Life insurance is a way for people to leave behind a sum of money after they die to ensure that friends and family are able to meet financial obligations in the aftermath. As such, a life insurance policy names certain people, known as beneficiaries, who will be the recipients of the money specified by the policy. Any time that the policy-holder wants to lock in a certain person who will definitely receive life insurance benefits, he or she names that person an irrevocable beneficiary.
The main benefit of being named an irrevocable beneficiary is that no part of the life insurance agreement concerning that person can be changed without his or her permission. What this means is that the benefits will definitely be transferred at the time of the policy-holder's death. In cases where this beneficiary dies first, the policy-holder can name a contingent beneficiary to receive the benefits that were originally conferred on the deceased beneficiary.
Not all beneficiaries need to be named an irrevocable beneficiary. Revocable beneficiaries may initially be named to receive benefits from a policy-holder, but this situation could change, for instance, if the policy-holder has a child, or if the beneficiary dies. In these cases, the policy-holder can revoke those benefits from those people and choose other beneficiaries. This could not happen when a beneficiary is named irrevocable, which is why the policy-holder must weigh the decision heavily before making such a declaration.

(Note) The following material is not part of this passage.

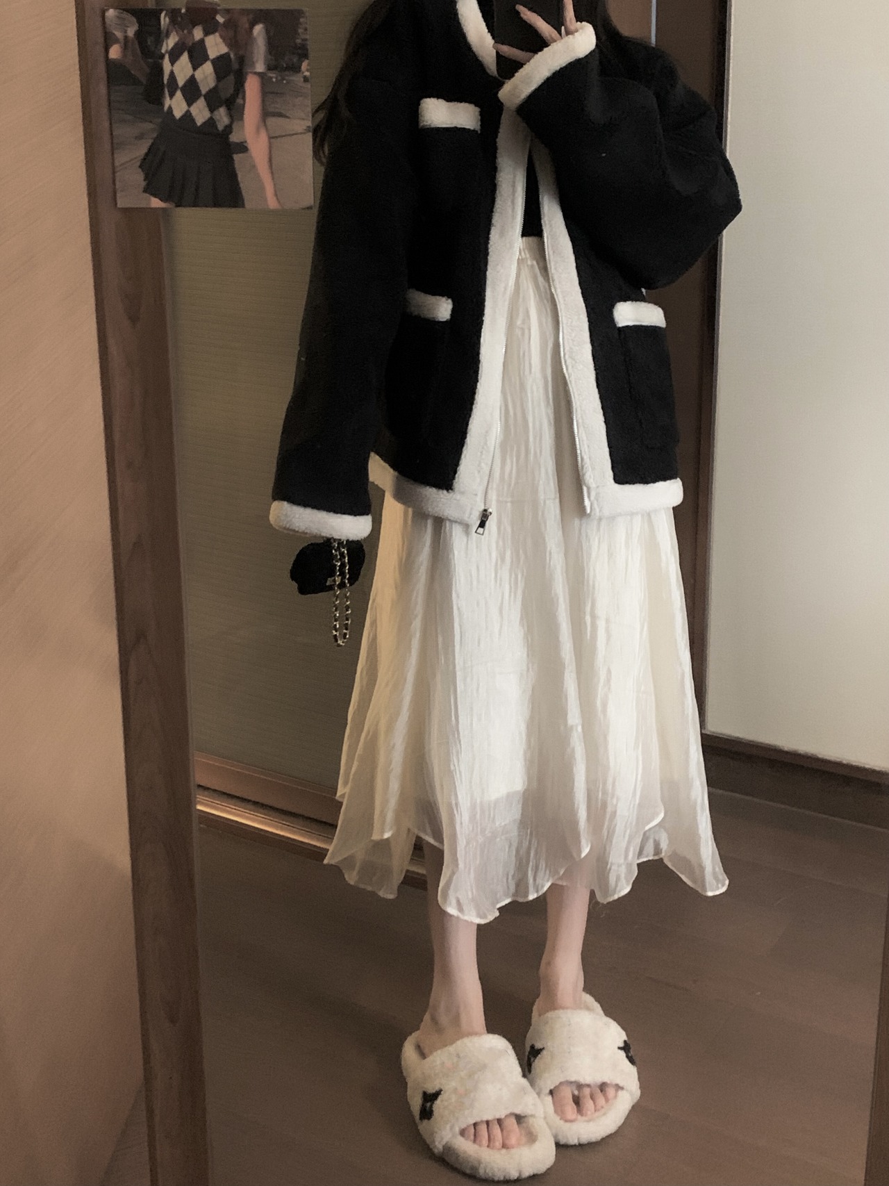 ホワイトスカート ウィンターハイウェストウェストAラインロングセーター 冬物 ウエスト ミドル丈 コーデ Marchs73551866450

Using this type of beneficiary is one way for someone to meet financial obligations owed to another. This is often the case in divorce proceedings, when one spouse is deemed responsible for the financial situation of his or her ex-spouse. When this is the case, and the ex-spouse is named as an irrevocable beneficiary, it is usually accompanied by a court order certifying this agreement. This prevents the person holding the policy from cancelling it and negating the benefits meant for his or her former spouse.
You've also got revocable and irrevocable trusts which are important in estate planning. A revocable trust can be altered during the life of the grantor, whereas an irrevocable one cannot be.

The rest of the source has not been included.